Guest Bio: Sarah Ruiz, PhD
Dr. Ruiz is a pediatric psychologist at Children's Health of Orange County (CHOC). She received her doctoral degree in Child Clinical Psychology at the University of Minnesota Institute for Child Development. She specializes in treating children and adolescents with anxiety, depression and trauma.
    Mindfulness in Kids and Teens
    Dr. Sarah Ruiz, a Pediatric Psychologist at CHOC, discusses how mindfulness can be used to manage stressors in kid's and teen's everyday lives.
    Transcription:

    Melanie Cole (Host): Welcome to Long Live Childhood, a pediatric health and wellness podcast presented by Children's Health of Orange County. Together, we can keep kids happy and healthy. I'm Melanie Cole, and I invite you to join us as we discuss mindfulness in kids and teens. Joining me is Dr. Sarah Ruiz. She's a pediatric psychologist with Children's Health of Orange County. Dr. Ruiz, I'm so glad that you've joined us today. And before we get into this topic, can you tell us a little bit about yourself and your expertise surrounding this subject?

    Dr Sarah Ruiz: Yes. Thank you so much for having me here today. So I'm a pediatric psychologist. I work with kids, teens, and young adults as a clinical psychologist in medical settings. So I have a lot of experience teaching mindfulness to help support kids when they're in the hospital, helping them manage pain or medical conditions, but also, you know, helping them manage things like stress and anxiety and managing difficult emotions.

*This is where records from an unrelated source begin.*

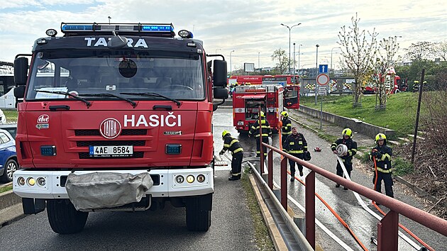 Požár dílny pod vestibulem nádraží Holešovice. (14. dubna 2025)
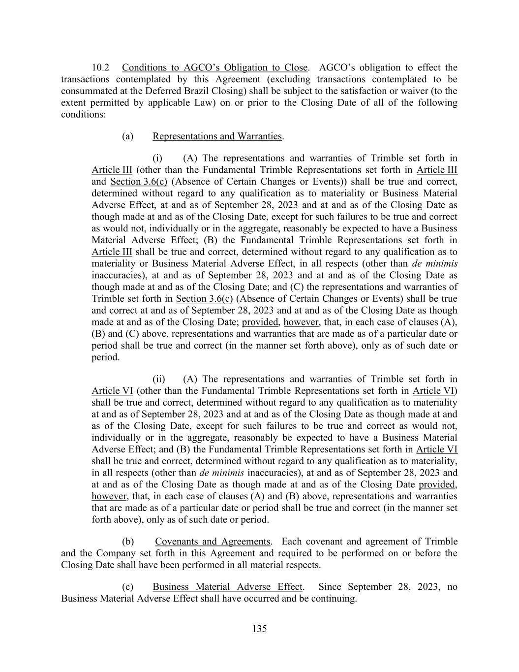 135 10.2 Conditions to AGCO’s Obligation to Close. AGCO’s obligation to effect the transactions contemplated by this Agreement (excluding transactions contemplated to be consummated at the Deferred Brazil Closing) shall be subject to the satisfaction or waiver (to the extent permitted by applicable Law) on or prior to the Closing Date of all of the following conditions: (a) Representations and Warranties. (i) (A) The representations and warranties of Trimble set forth in Article III (other than the Fundamental Trimble Representations set forth in Article III and Section 3.6(c) (Absence of Certain Changes or Events)) shall be true and correct, determined without regard to any qualification as to materiality or Business Material Adverse Effect, at and as of September 28, 2023 and at and as of the Closing Date as though made at and as of the Closing Date, except for such failures to be true and correct as would not, individually or in the aggregate, reasonably be expected to have a Business Material Adverse Effect; (B) the Fundamental Trimble Representations set forth in Article III shall be true and correct, determined without regard to any qualification as to materiality or Business Material Adverse Effect, in all respects (other than de minimis inaccuracies), at and as of September 28, 2023 and at and as of the Closing Date as though made at and as of the Closing Date; and (C) the representations and warranties of Trimble set forth in Section 3.6(c) (Absence of Certain Changes or Events) shall be true and correct at and as of September 28, 2023 and at and as of the Closing Date as though made at and as of the Closing Date; provided, however, that, in each case of clauses (A), (B) and (C) above, representations and warranties that are made as of a particular date or period shall be true and correct (in the manner set forth above), only as of such date or period. (ii) (A) The representations and warranties of Trimble set forth in Article VI (other than the Fundamental Trimble Representations set forth in Article VI) shall be true and correct, determined without regard to any qualification as to materiality at and as of September 28, 2023 and at and as of the Closing Date as though made at and as of the Closing Date, except for such failures to be true and correct as would not, individually or in the aggregate, reasonably be expected to have a Business Material Adverse Effect; and (B) the Fundamental Trimble Representations set forth in Article VI shall be true and correct, determined without regard to any qualification as to materiality, in all respects (other than de minimis inaccuracies), at and as of September 28, 2023 and at and as of the Closing Date as though made at and as of the Closing Date provided, however, that, in each case of clauses (A) and (B) above, representations and warranties that are made as of a particular date or period shall be true and correct (in the manner set forth above), only as of such date or period. (b) Covenants and Agreements. Each covenant and agreement of Trimble and the Company set forth in this Agreement and required to be performed on or before the Closing Date shall have been performed in all material respects. (c) Business Material Adverse Effect. Since September 28, 2023, no Business Material Adverse Effect shall have occurred and be continuing.
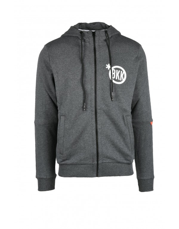 Brand: Bikkembergs Gender: Men Type: Sweatshirts Season: Fall/Winter PRODUCT DETAIL • Color: grey • Pattern: print • Fastening: with zip • Sleeves: long • Collar: hood • Pockets: front pockets COMPOSITION AND MATERIAL • Composition: -100% cotton
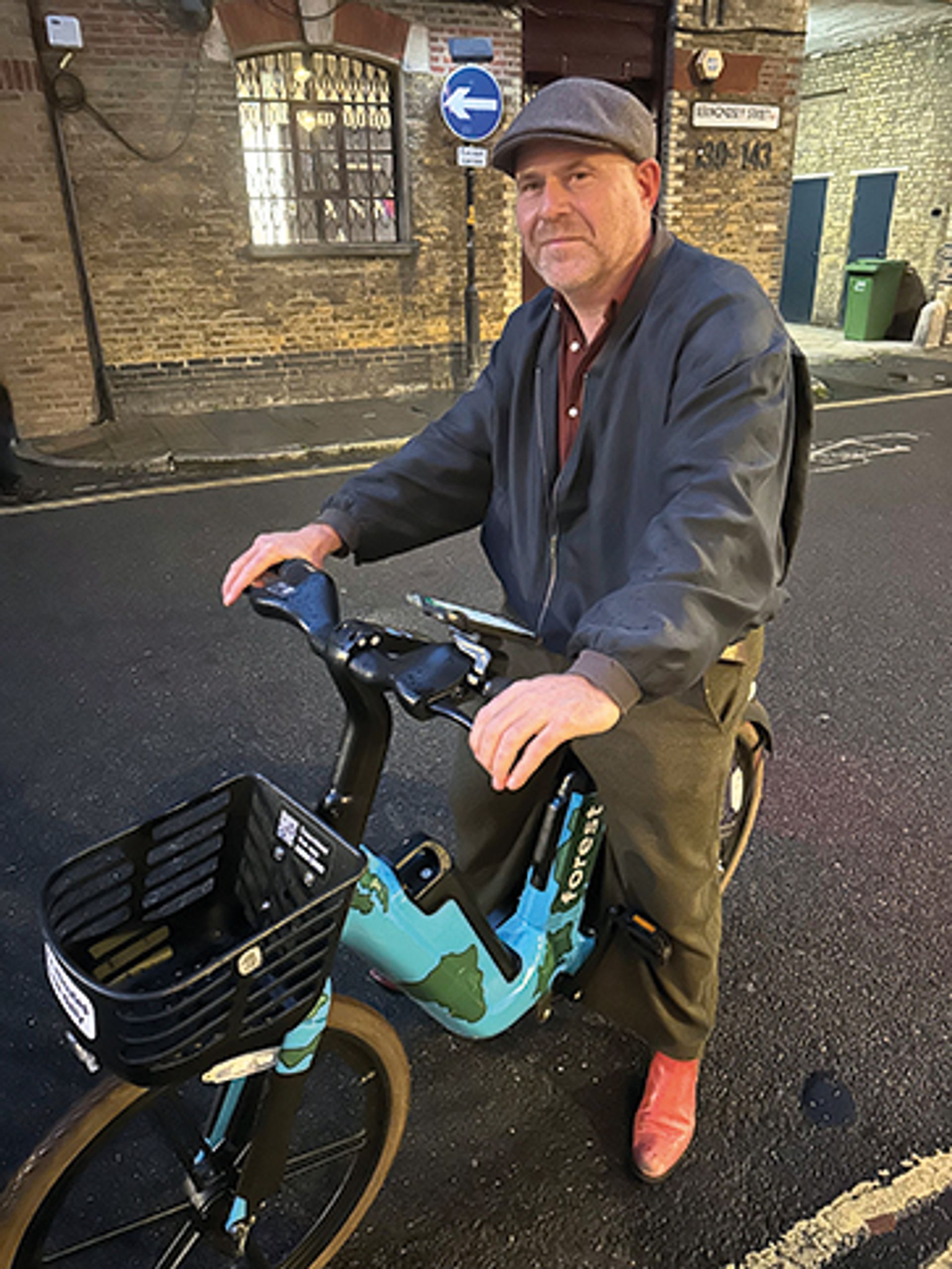 Two wheels good (unless it’s raining): Marc Spiegler gets on his bike Gareth Harris

    Melanie Cole (Host): So tell us what mindfulness really is because we hear this term bandied about, and people don't really know what it is and what's the difference between mindfulness meditation, conscious stress reduction, relaxation techniques. They don't kind of know the difference.

    Dr Sarah Ruiz: Sure. And, you know, mindfulness for me is all about being present in the moment that you're in, being aware and accepting of what's happening from this nonjudgmental stance, which is really a tough skill to develop. So it really is about noticing what you're feeling either physically or emotionally, what you're thinking and not getting bogged down in that, being able to notice them and let go of those thoughts to remain in the present.

    Melanie Cole (Host): Right now, Dr. Ruiz, our kids are in an unprecedented time. I'm a 58-year-old woman, so I don't remember that we knew anything about anything that was going on in the world or anything back then, but our kids know a lot and they're so immersed in it. It comes at them from all angles on their social media and everything. We all are feeling this stress, it's kind of a worldwide feeling right now. But how do we know that it's taking a toll on our psychological and our even physiological, children's? Because the fact is that these kids, with school online and all of it, are dealing with stress we could not even imagine. Tell us what our kids are going through right now. How do we know if that stress is taking a toll on our children, psychologically physiologically? Can you give us some red flags to that stress when it's manifesting itself in such a negative way?

    Dr Sarah Ruiz: Stress is such a tough thing because there are some levels of stress that can be really healthy for us. It will help us achieve more, focus more. For example, if kids are a little stressed or a little bit nervous about an exam, that can give them the extra push to study a little bit more, prepare a little bit more, achieve a little bit more, but really the level of stress that we're all experiencing right now especially with COVID-19 is a different type of stress that's just longer lasting and is going to wear down on us. We're so used to having our nervous system activated due to all this stress, feeling tension in our body, maybe noticing different things like our heart beating a little bit faster, tightness in our muscles, this overall fatigue, and those are some of the signs of kind of longer stress, the stress that can happen on our bodies.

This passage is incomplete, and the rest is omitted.